Lacquer Thinner in Gas Tank for Cleaning Catalytic Converters?

Updated: | Author: Steve Freling | Affiliate links may be present.

Maybe you’ve heard of a trick for cleaning out your engine or exhaust and catalytic converter. Some people claim that running lacquer thinner or paint thinner through your car’s fuel system will help flush everything.

This couldn’t be further from the truth, and it could cost thousands to repair the damage it can cause.

Pouring lacquer thinner into the gas tank may indeed clean your engine and catalytic converter, but it can also damage them and everything else it comes in contact with. Paint thinner is very similar. Anything in your fuel system will make its way through your engine and exhaust, so it’s important to be careful with what you pour in.

What Problem Are You Trying to Solve?

Before you do anything, you have to ask yourself what problem you want to fix by cleaning out the catalytic converter, or the engine. Is there a problem with the engine, or do you think something is wrong with the exhaust? Knowing the issue will give you the best indication of where to start.

Maybe there is no problem at all, and you just want to keep your car in tip-top shape. You should be proud of yourself for this because many people do not take the best care of their vehicle. You’re already ahead of the game with this mindset.

Engine Troubles

Be it a misfire, stalling concern, or lack of power, engine issues are always frustrating. Unfortunately, a myriad of things can make your engine underperform like this, so it’s important to accurately determine the problem before attempting a repair.

What can a cleaner in the gas tank do for an engine? This relatively small list involves cleaning off the dirty backsides of valves, intake ports in the cylinder head, and possibly the tops of the pistons. All this should be taken with a grain of salt, however, as these parts would have to be incredibly filthy for a cleaner to help.

Fuel System Issues

Your car’s fuel system is absolutely vital to keeping your engine going strong. Without a working fuel system (and the fuel itself), the engine is just a big chunk of metal.

In the fuel system, you have the tank, pump, lines, and injectors. There is also a fuel filter and the level sensor that tells you how much gas you have. Any of these can get clogged or dirty, causing them to not function properly. This is where a cleaner in the fuel tank can really help out.

The Exhaust and Cats

Finally, we get to the exhaust. This is a very simple system but it can cause a lot of trouble. The manifold carries your engine’s exhaust gasses to the catalytic converter. The converter cleans the gasses up for emissions and the muffler and tailpipe carry it the rest of the way out.

In the case of your exhaust system, if something is dirty or clogged, it doesn’t need to be cleaned. It needs to be replaced. This is especially true with the oxygen sensors and the catalytic converter, as any cleaner strong enough to unclog it will also destroy it.

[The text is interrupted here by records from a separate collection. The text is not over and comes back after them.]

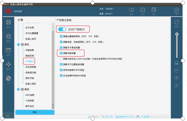 第二步:在專(zhuān)家模式下,選擇產(chǎn)測(cè)模式,啟用產(chǎn)測(cè)模式,勾選屏蔽伺服報(bào)警。如圖-2紅框標(biāo)記所示。
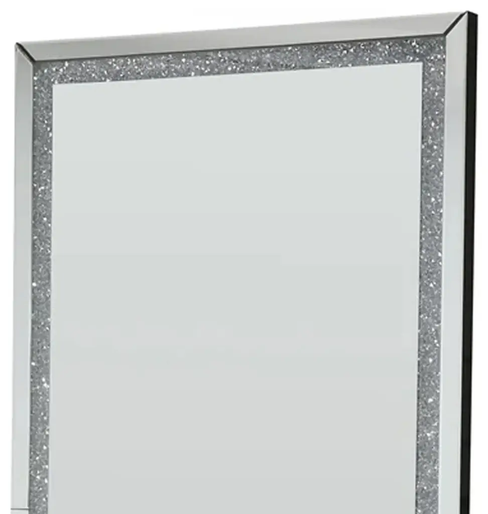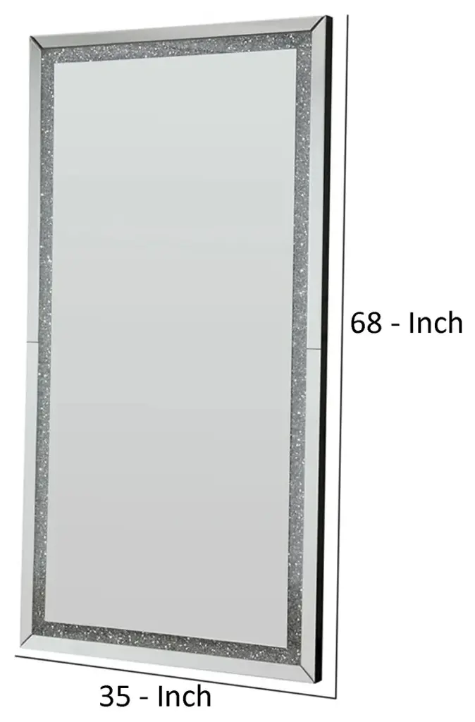 Benzara Bm268947 Floor Mirror With Faux Diamond Inlays And Led Trim, Silver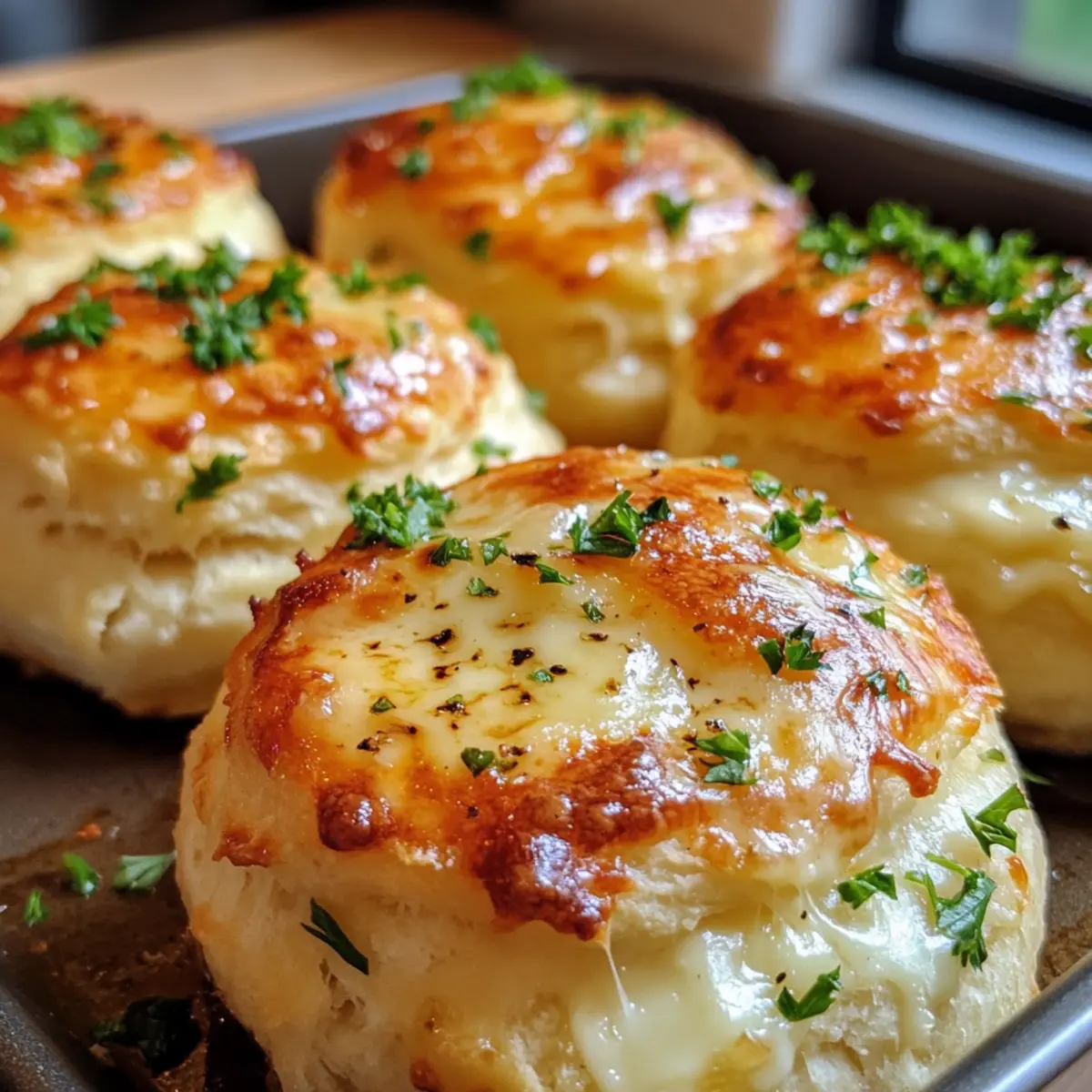 Once baked, remove the sheet from the oven and allow the bombs to cool for a few minutes on the baking sheet. Before serving, garnish them with chopped fresh parsley for a pop of color and freshness. Now, your Garlic Parmesan Cheeseburger Bombs are ready to delight everyone at your table with their irresistible flavor and warm, gooey interior!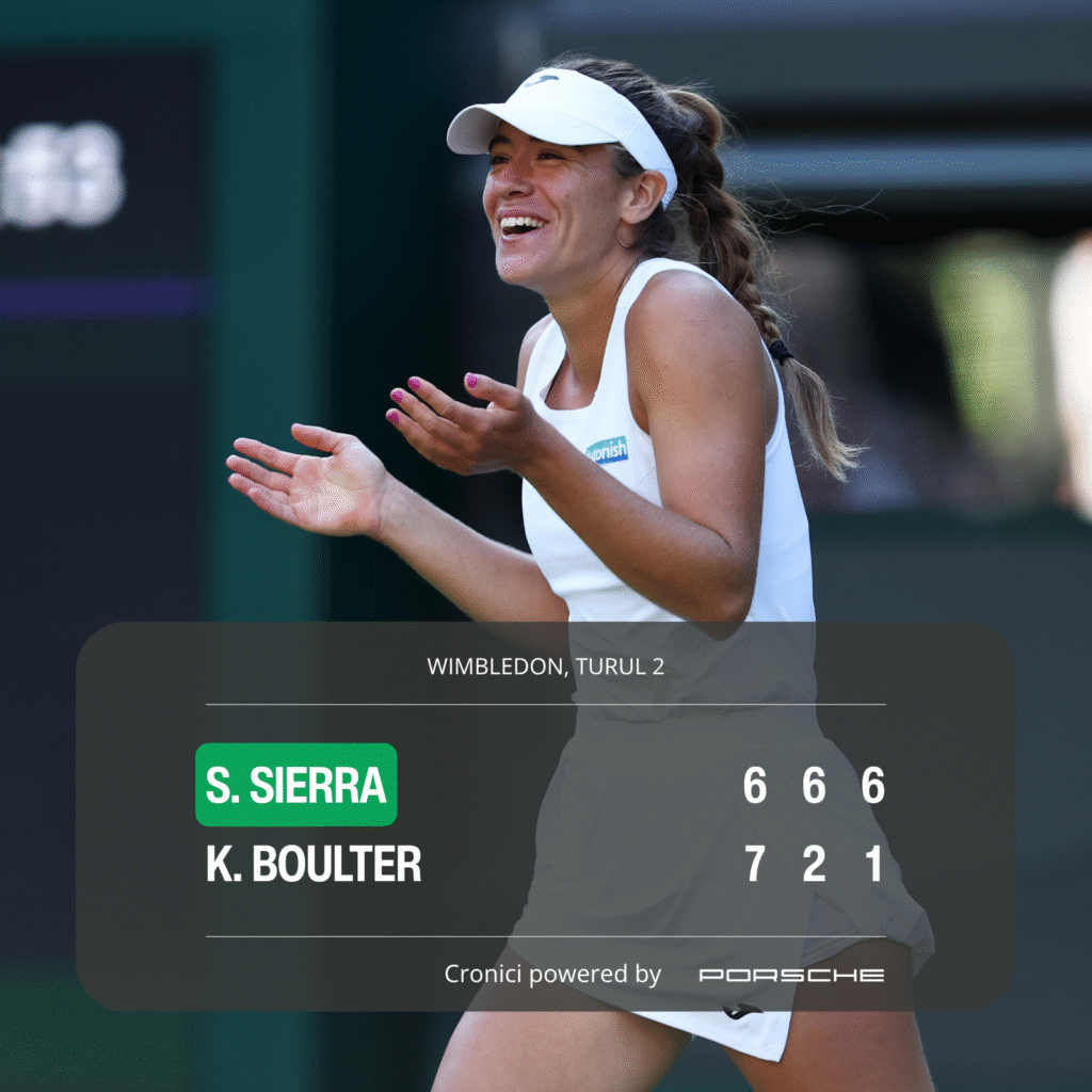 Apropo, la ea acasă, în Mar del Plata, erau minus 2 grade, deci rudele care nu i s-au deplasat în Europa cu acest prilej băgau de zor pe foc. Îi luase frigul și mai tare după o manșă întâi în care outsidera își dărâma singură castelul construit de ea însăși pe cea mai verde iarbă din tenis. A urmat, însă, una dintre cele mai uimitoare răsturnări de situație. Demagnetizată complet, britanica a fost doar martoră la un solo de rachetă din partea numitei Sierra: 6-2 și 6-1 și povestea de la All England Lawn Tennis and Croquet Club se rostogolește mai departe. Alte nopți de cazare, poate și alte all inclusive-uri, așa cum a fost meciul cu Katie.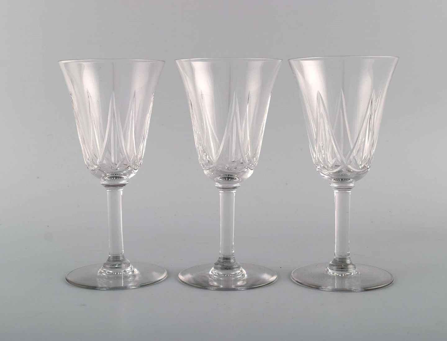 St. Louis, Belgien. Tre hvidvinsglas i mundblæst krystalglas. 1930/40'erne.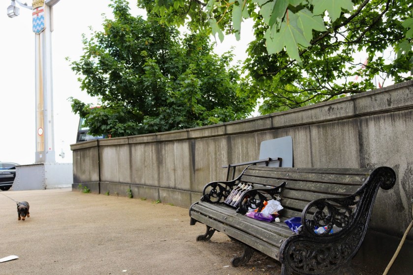 On the north shore, stepping into the London Borough of Chelsea, I capture this shot of what strikes me as a somewhat unrepresentative view of Chelsea depicting squalor in what I presume to be an affluent area. However it serves as a stark reminder that littering and drinking are not the preserve of less affluent areas.

It’s tempting to hope that pouring something in the tank will clean everything up and resolve an issue you’re having. Most of the time, however, it isn’t that simple. As you can see, there is a lot that can go wrong in your car, so it’s really best to properly find your problem and fix it directly.

What Happens If You DO Use Lacquer Thinner in the Gas Tank?

Before I go any further, I want to make sure you understand one thing: using lacquer or paint thinner to clean any part of your fuel system, engine, exhaust or catalytic converter will cause damage! Please don’t do it!

I’ll cover everything from the filler neck to the catalytic converter and show you what can go wrong. Lacquer thinner is extremely strong and aggressive, made to help break down the plastics and resins used in lacquer. Guess what… That’s a lot of the same kind of material found in your fuel system!

It’s worth noting that paint thinner is NOT as strong as lacquer thinner. That said, the principles are the same, and it can cause the same kind of damage.

Fuel System Degradation

Plastics are being used in cars more and more due to their weight savings. MOST of the fuel system itself is plastic these days. This can include the filler neck itself, the fuel tank, the fuel pump housing and fuel lines.

Even the fuel filter and injectors are often at least partially made of plastic, not to mention nearly all of the o-rings and seals. Imagine any of these things melting away from lacquer thinner dissolving them on a chemical level. You’d have a serious fire hazard on your hands.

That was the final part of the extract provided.